◆ Directions
Transcribe every line below exactly; no image goes into the output.

□ □ □ □

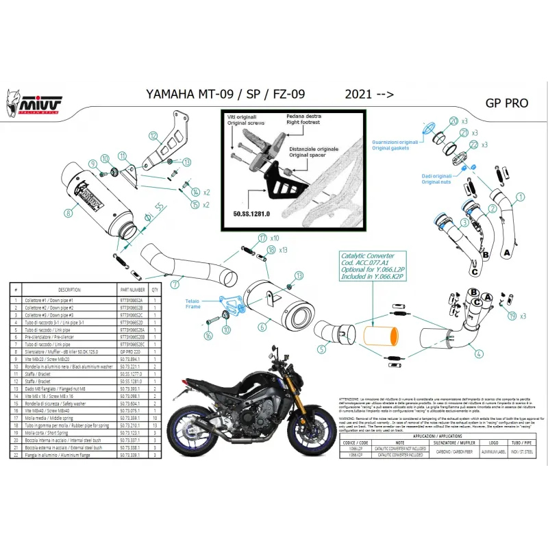 GP PRO mostra una saldatura a TIG semiartigianale, un design compatto ed essenziale e un sound aggressivo. Ispirato al mondo delle competizioni, il tubo in uscita dello scarico è dotato di una grata di protezione removibile che nasconde il dB-killer. Sul terminale è presente il caratteristico logo Mivv realizzato tramite laser.
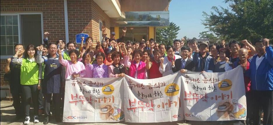 [한국도로공사 광주전남본부 직원들이 나주시 노안면 이룡마을에서 일손돕기 및 어르신 점심 대접을 한 뒤 주민들과 기념촬영을 하고 있다.]
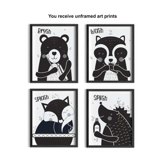 Woodland Bathroom Set Wall Art For Kids Forest Friends Decor Etsy
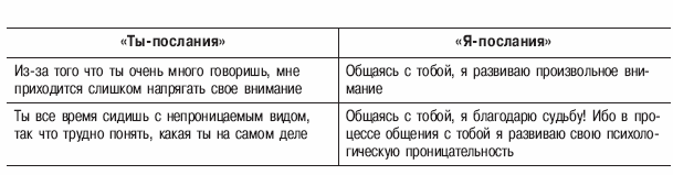Упражнение, предлагаемое Н. Ю. Хрящевой и ее коллегами, направлено на осознание участниками группы трудностей, возникающих в общении между ними, и выявление их потенциального позитивного смысла. Эта цель достигается с помощью превращения «Ты-посланий» в «Я-послания». Известно, что «Ты-послания» обычно содержат явный или скрытый упрек в адрес другого, создающего проблемы. Форма «Я-посланий» позволяет сформулировать конструктивное значение этой проблемы для самого субъекта. Авторы приводят следующие примеры трансформации «Ты-посланий» в «Я-послания» (Психогимнастика в тренинге, 1999, с. 142–143).
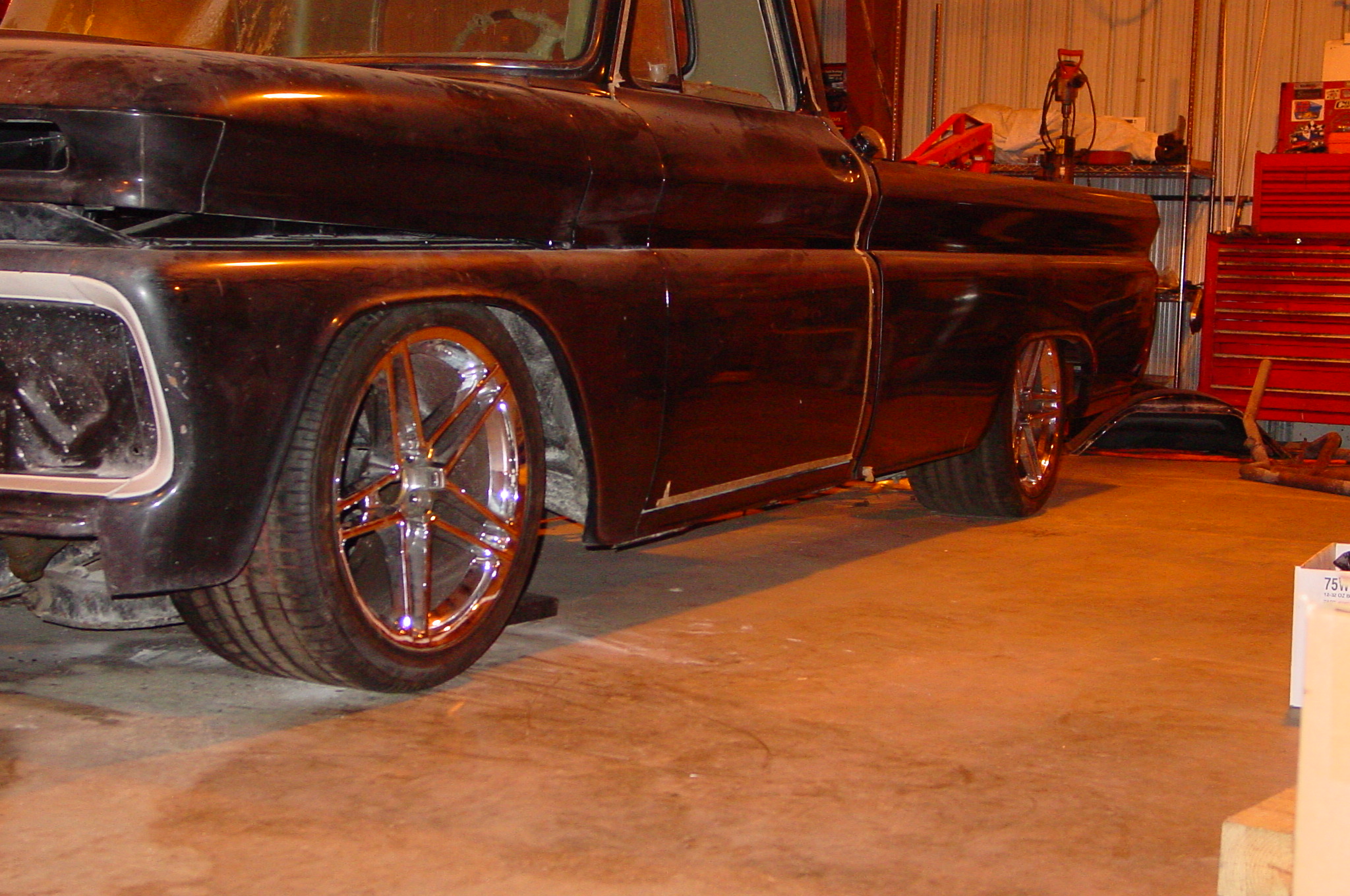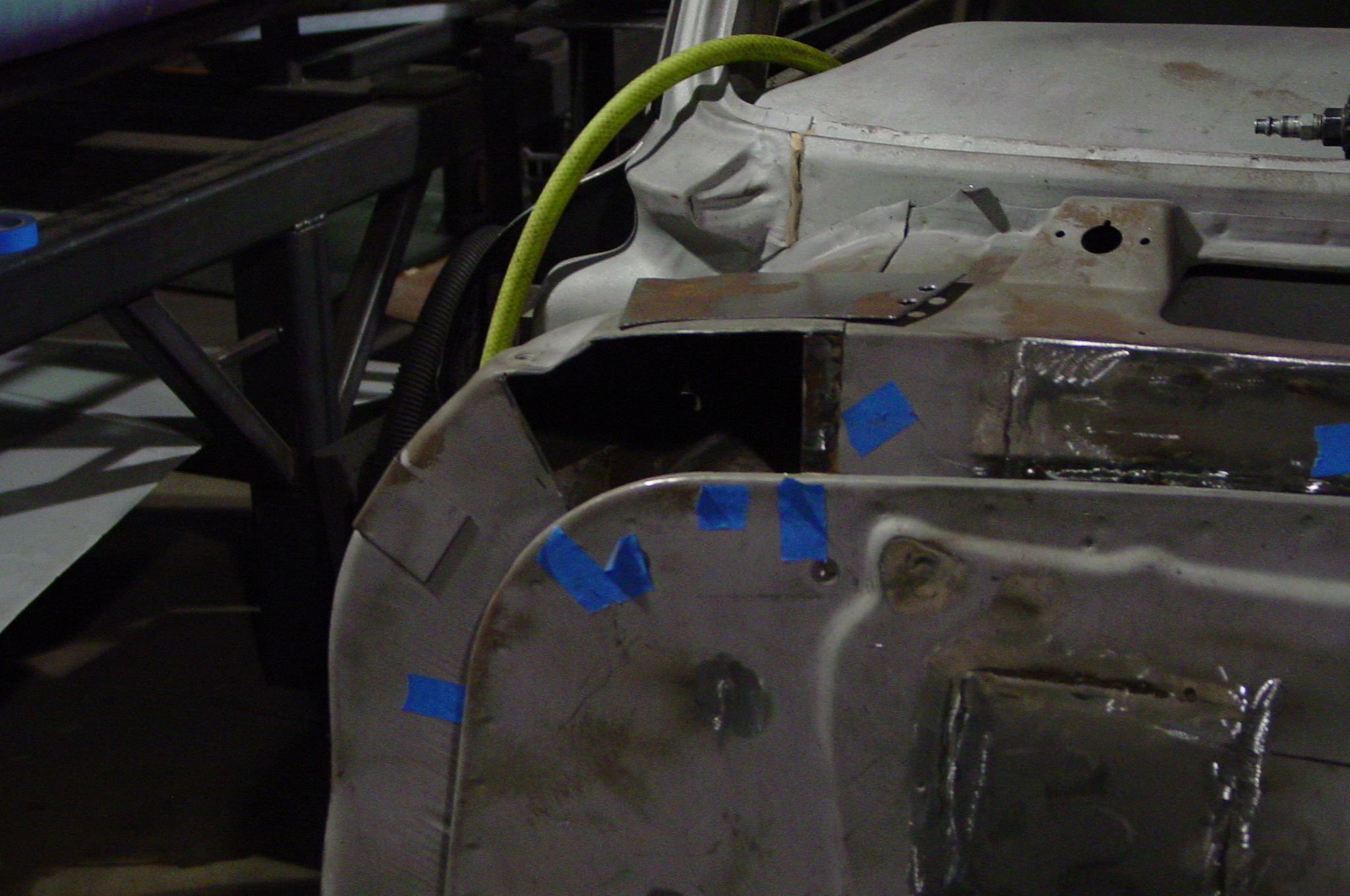 After blasting the old paint off we found a lot of filler over the rust holes. We removed the old rusted metal and replaced them with new steel. Now that the body is solid, the modifications have begun. -- Firewall, inner fenders, front fenders, front bumper, rear bumper, tailgate, and rear wheel opening.

□ □ □ □

◆ Result
 GP PRO mostra una saldatura a TIG semiartigianale, un design compatto ed essenziale e un sound aggressivo. Ispirato al mondo delle competizioni, il tubo in uscita dello scarico è dotato di una grata di protezione removibile che nasconde il dB-killer. Sul terminale è presente il caratteristico logo Mivv realizzato tramite laser.
 [한국도로공사 광주전남본부 직원들이 나주시 노안면 이룡마을에서 일손돕기 및 어르신 점심 대접을 한 뒤 주민들과 기념촬영을 하고 있다.]
 Woodland Bathroom Set Wall Art For Kids Forest Friends Decor Etsy
Упражнение, предлагаемое Н. Ю. Хрящевой и ее коллегами, направлено на осознание участниками группы трудностей, возникающих в общении между ними, и выявление их потенциального позитивного смысла. Эта цель достигается с помощью превращения «Ты-посланий» в «Я-послания». Известно, что «Ты-послания» обычно содержат явный или скрытый упрек в адрес другого, создающего проблемы. Форма «Я-посланий» позволяет сформулировать конструктивное значение этой проблемы для самого субъекта. Авторы приводят следующие примеры трансформации «Ты-посланий» в «Я-послания» (Психогимнастика в тренинге, 1999, с. 142–143).
 After blasting the old paint off we found a lot of filler over the rust holes. We removed the old rusted metal and replaced them with new steel. Now that the body is solid, the modifications have begun. -- Firewall, inner fenders, front fenders, front bumper, rear bumper, tailgate, and rear wheel opening.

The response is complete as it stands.